Implementation of calibration methods for neural networks. Calibrators are provided as a python function that directly operates on output logits. calibrate.py
contains implementations of calibrators. Metrics and visualizing methods for confidence outputs are contained in train.py
.
Implementation of newly introduced calibrator will be updated continuously.
Train a neural network form scratch and calibrate the confidence:
python main.py --dataset <dataset> --model_type <model> --optimizer <optim>
Load already trained networks and only calibrate the confidence:
python main.py --dataset <dataset> \
--model_type <model> \
--optimizer <optim> \
--load_model <path_to_models>
Codes for models like resnet110 were copied and modified from akamaster's repository
- Histogram Binning
- Matrix Scaling
- Vector Scaling
- Temperature Scaling
- Some implementation available online make training and validation dataset to be same. However, since probality output from neural networks are highly overfitted to the train dataset, calibrators failed to achieve reasonable performances in this case.

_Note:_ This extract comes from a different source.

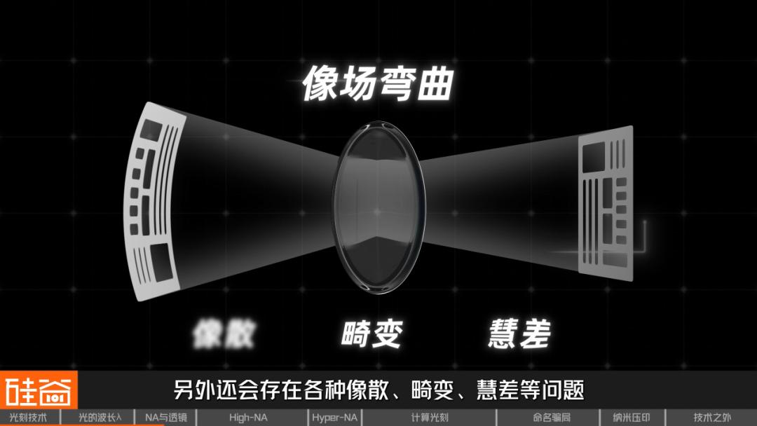 你可能会疑惑,既然一个凸透镜就能完成光线的聚焦,为什么光刻机中需要那么多透镜呢?简单来说,因为球面镜存在像场弯曲的现象,导致成像打到晶圆上时会被扭曲。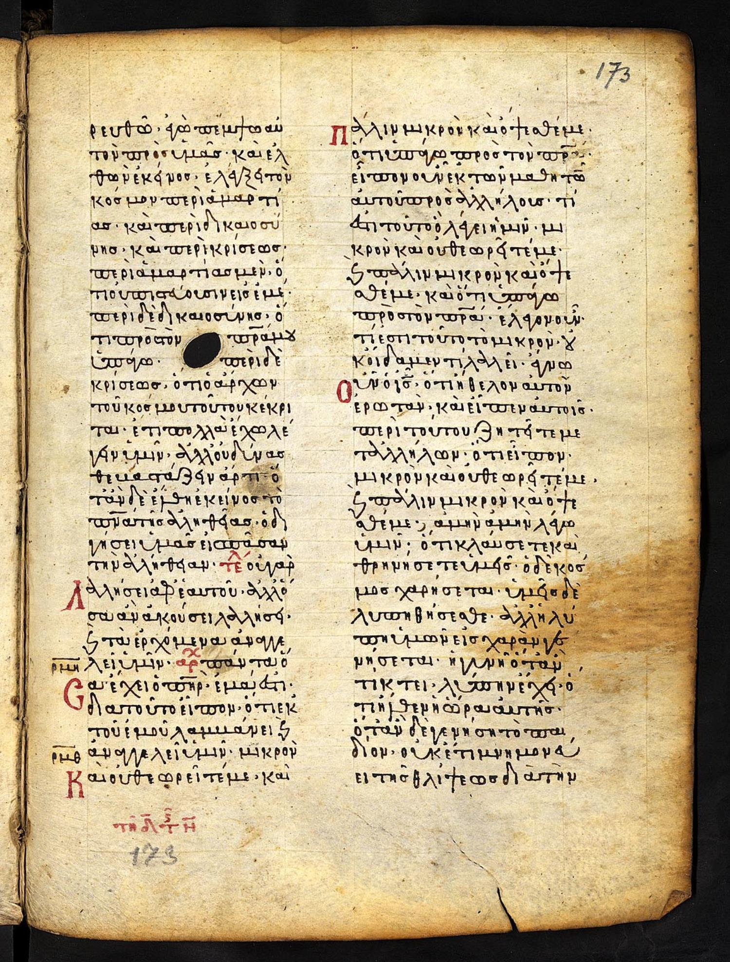 Thirteenth-century (c. 1200) manuscript of the Gospels on parchment; 197 leaves, 2 columns, 25 lines per column. These images are made available by the holding institution according to Creative Commons licensing. For recent digital images, visit Manuscriptorium online.

- Histogram binning method requires user to designate adequate number of bins. This value should be carefully tuned in exploitation. Furthermore, when designing a histogram binning algorithm, users should decide how to split bins (each bin to be equally spaced or eqaully size). In our implementation we selected the former one.
- Performance of temperature scaling reported in the paper seems to be achieved when LBFGS optimizer was used for temperature value. In our experiments, results fluctuated a lot even to the small changes in hyperparameters to the optimizer (learning rate, num_iterations).
- Original paper reported that Expected Calibration Error of matrix scaling methods for CIFAR100 is near 0.25. It seems that such results were also obtained when LBFGS optimizer is used in training calibrator. When SGD or Adam is used, error values reduce to 0.15.
- On Calibration of Modern Neural Networks ICML 2017